A formação da comissão processante foi indicada por uma Comissão Especial de Inquérito (CEI) que investigou, no ano passado, a denúncia de tentativa de extorsão contra três assessores parlamentares e o então vereador interino Jaci Aguiar - ele ocupava a vaga do vereador Moysés Leônidas, na época secretário municipal.
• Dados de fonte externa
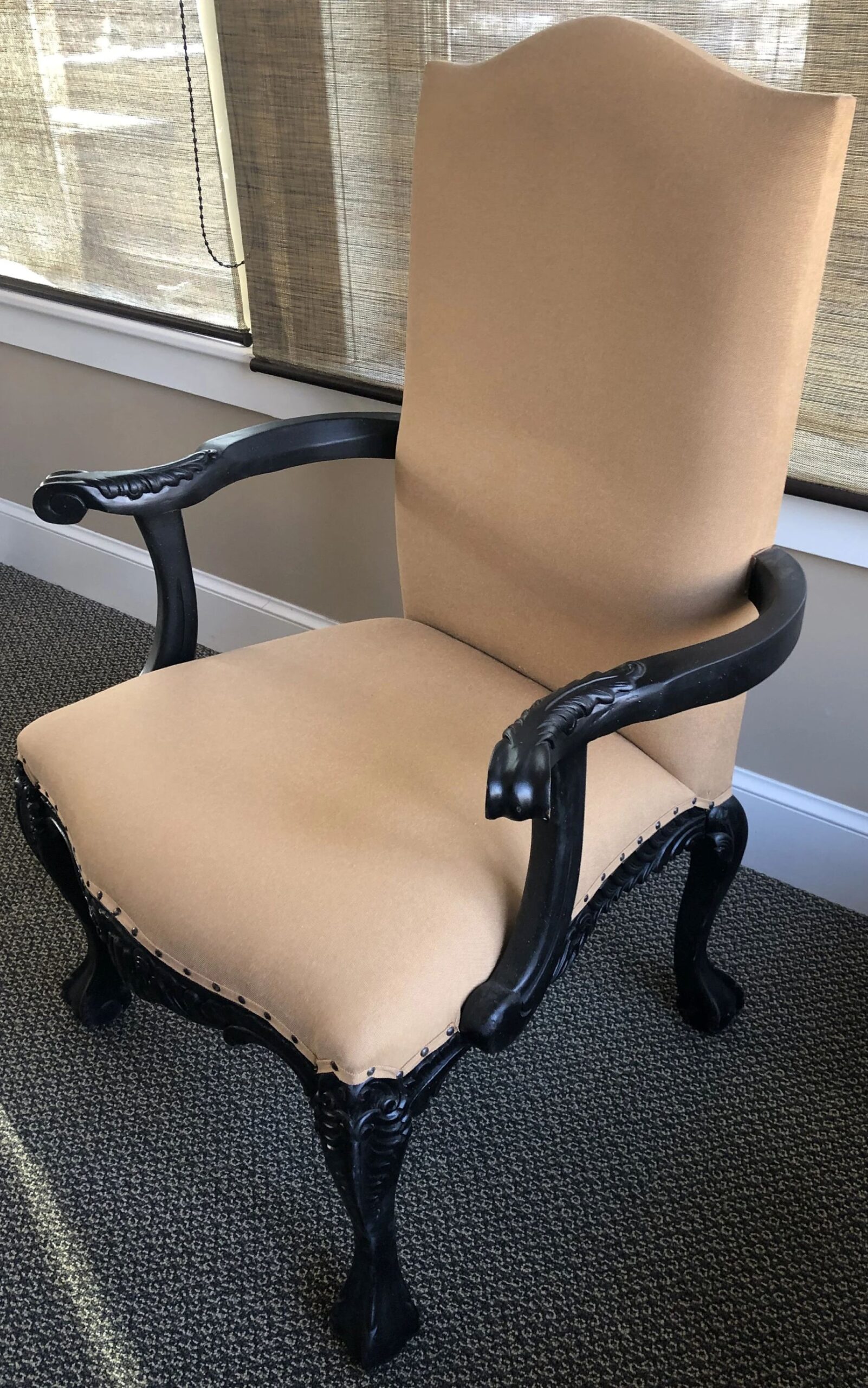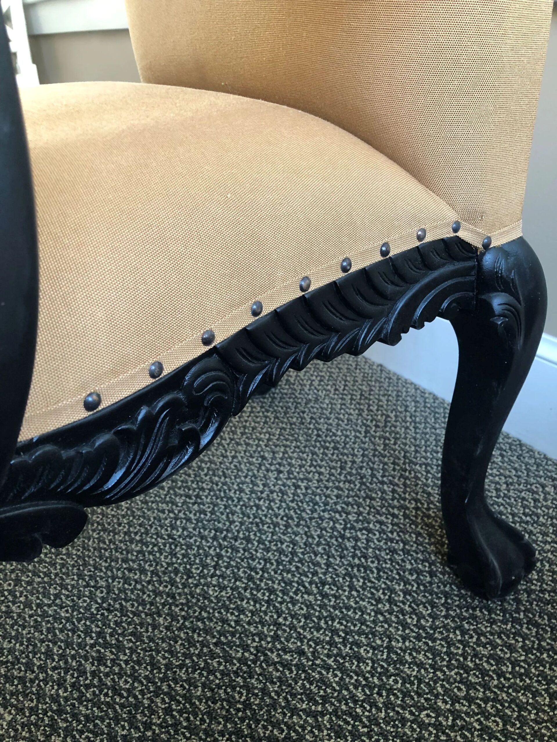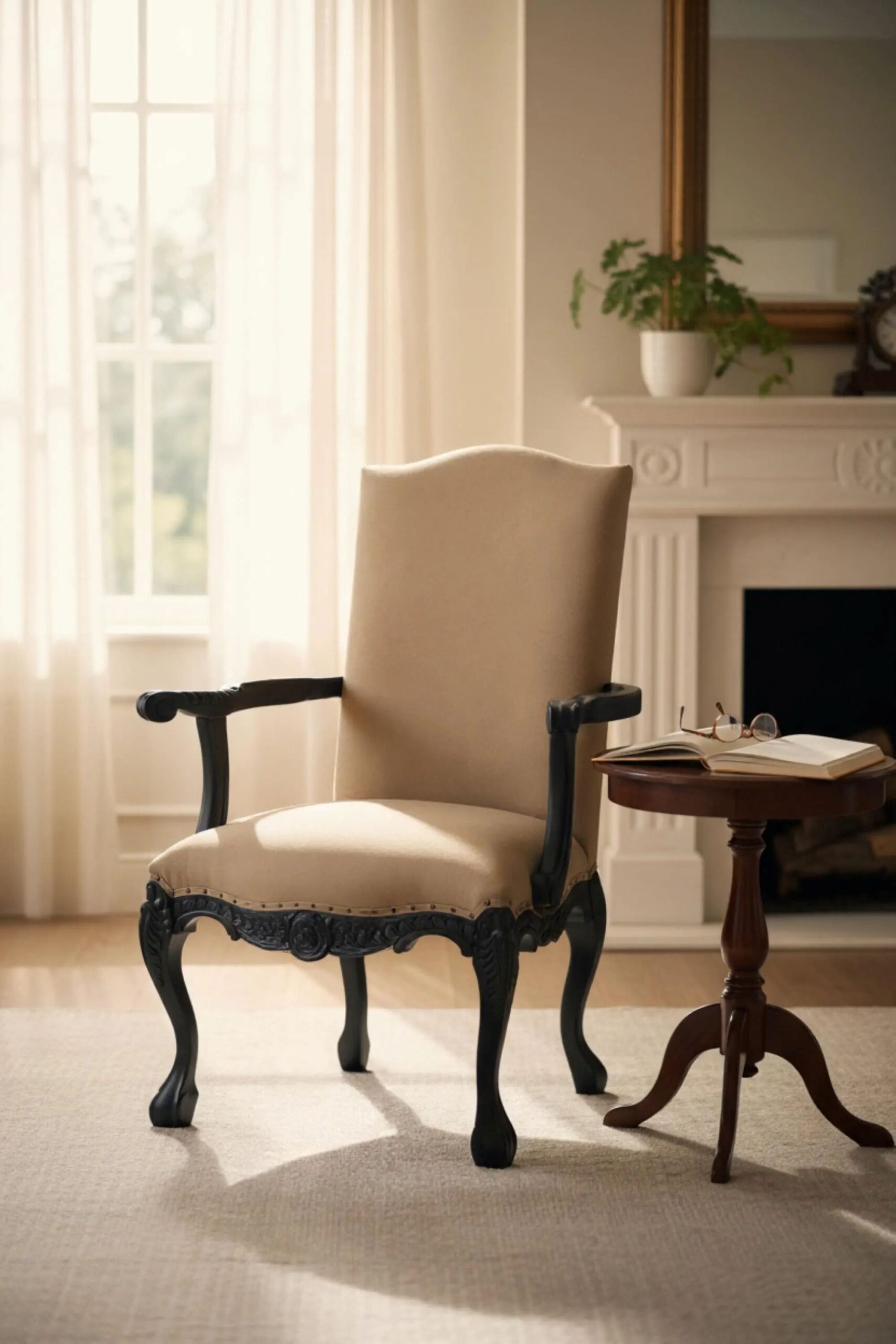 French County High Back Modern Linen Kitchen Black Dining Table Accent Chairs Scroll Arms quantity
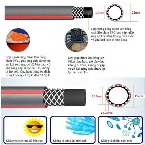 Ống kết cấu 3 lớp Chống gập, chống xoắn ống Không bị cứng ống khi thời tiết lạnh Kháng tia cực tím, độ bền cao Kháng vi khuẩn, nấm mốc Có các loại 5m,10m,15m,20m,25m.... phù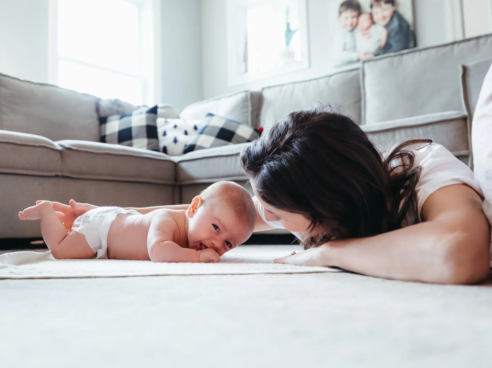 It is never too soon to start supervised tummy time! Tummy time strengthens your baby’s back and neck muscles and prevents flat spots from forming on the back of baby’s head.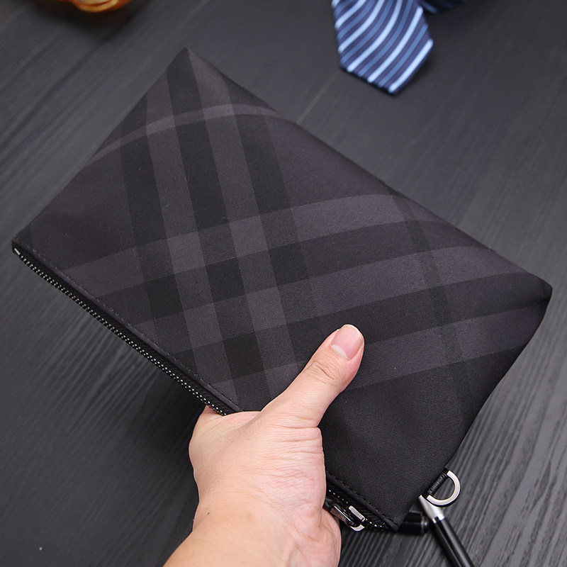 New men's plaid handbag canvas clutch ipad bag envelope bag Oxford cloth large capacity A4 file bag tide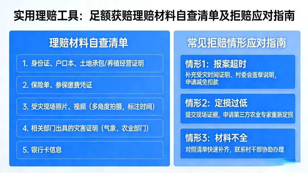 常见拒赔情形应对指南情形1:报案超时→补充受灾时间证明、村委会盖章说明,申请减免扣款;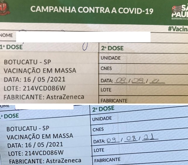 Já a segunda dose, que ocorre cerca de 3 meses depois, deverá ser aplicada em datas diferentes para alguns munícipes. Até o momento, nos cartões da vacina dos moradores de Botucatu, a grande maioria está assinalado o domingo de Dia dos Pais, 8 de agosto, como a data para a segunda dose.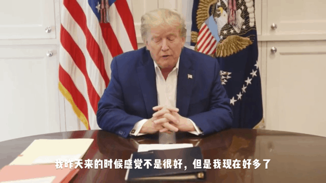 10月3号傍晚7点,特朗普发布了感染新冠后的第二支视频:我很好!虽然昨天我住院前感觉不是很好,但是现在好很多了。特朗普还开了个玩笑:梅拉尼娅也很好,你们知道她比我年轻一些,但只是一些些哦。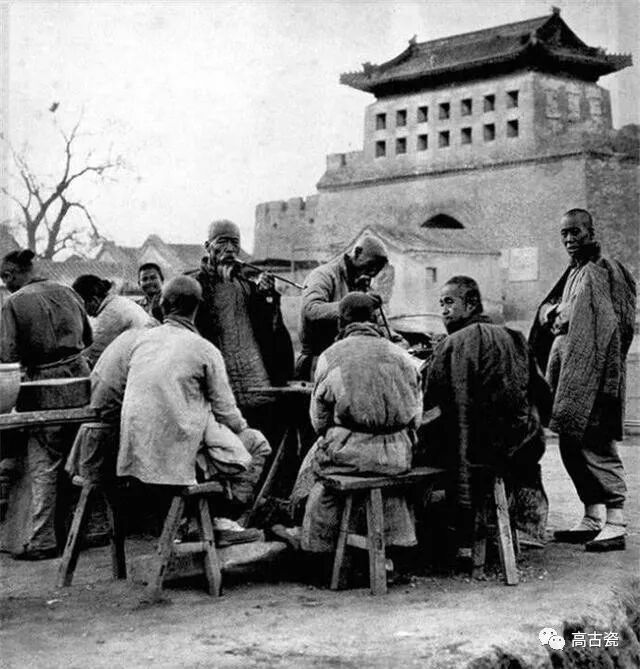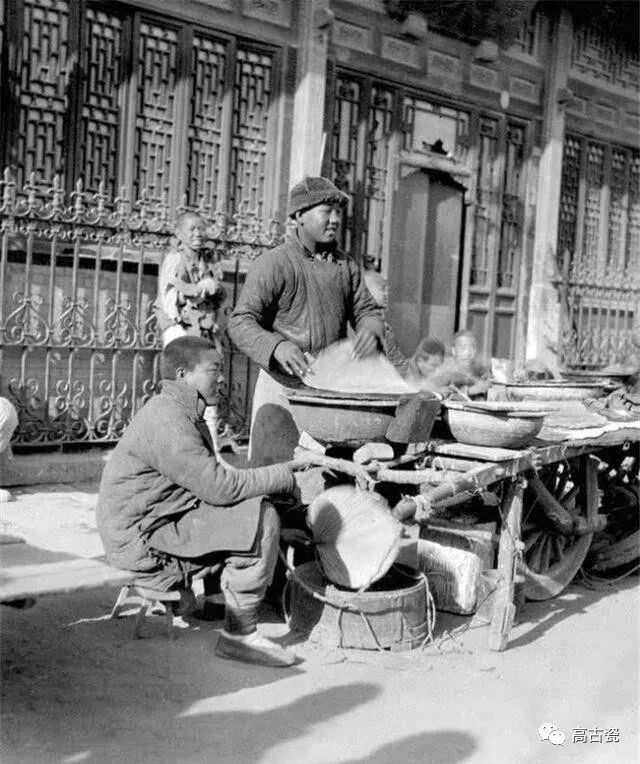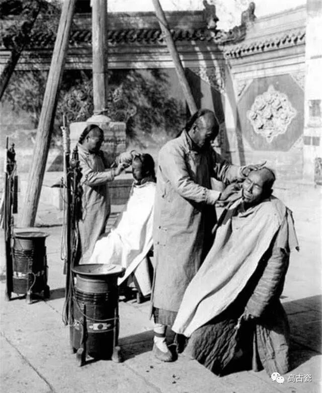 清末的剃头挑子,一头挑的是理发用具,一头挑着火炉和火盆。

O relatório final da CEI, aprovado em plenário pelos vereadores, concluiu pela responsabilização dos acusados.
A decisão dos vereadores poderá sair já na próxima terça-feira, dia 23, na primeira sessão ordinária do ano. Por maioria simples (11 votos), eles poderão acatar o encaminhamento da mesa ou então rejeitá-lo, atendendo sugestão do relatório da CEI, concluído no ano passado e aprovado por unanimidade pelo Legislativo.
O vereador Renato Araújo (PPB), prefeito em exercício até dia 21 e presidente da Casa, garante que o primeiro ato da presidência será encaminhar o caso de Aguiar para o plenário. A mesa só tem o poder de conduzir o processo, provocar a discussão, diz.
Ainda segundo o vereador, após colocar a questão de Jaci Aguiar em discussão, pedirá suspensão dos trabalhos para a eleição das 10 comissões permanentes da Casa. Só depois é que o plenário decide se abrirá ou não o processo de cassação do mandato de Aguiar. O presidente da Casa observa que, caso a formação das comissões permanentes tome muito tempo, a votação sobre a comissão processante será transferida para a sessão seguinte, na quinta-feira.
Araújo justifica o encaminhamento dizendo que seria mais prudente aguardar a decisão do juiz responsável pelo processo sob pena de se cometer uma injustiça contra o vereador - mesmo que a decisão demore mais que o atual mandato. Ele teme que o vereador seja cassado na Câmara e inocentado no processo judicial. Temos que tomar cuidado. Como vereador, optaria pelo aguardo da Justiça. Mas como presidente tenho que colocar a discussão.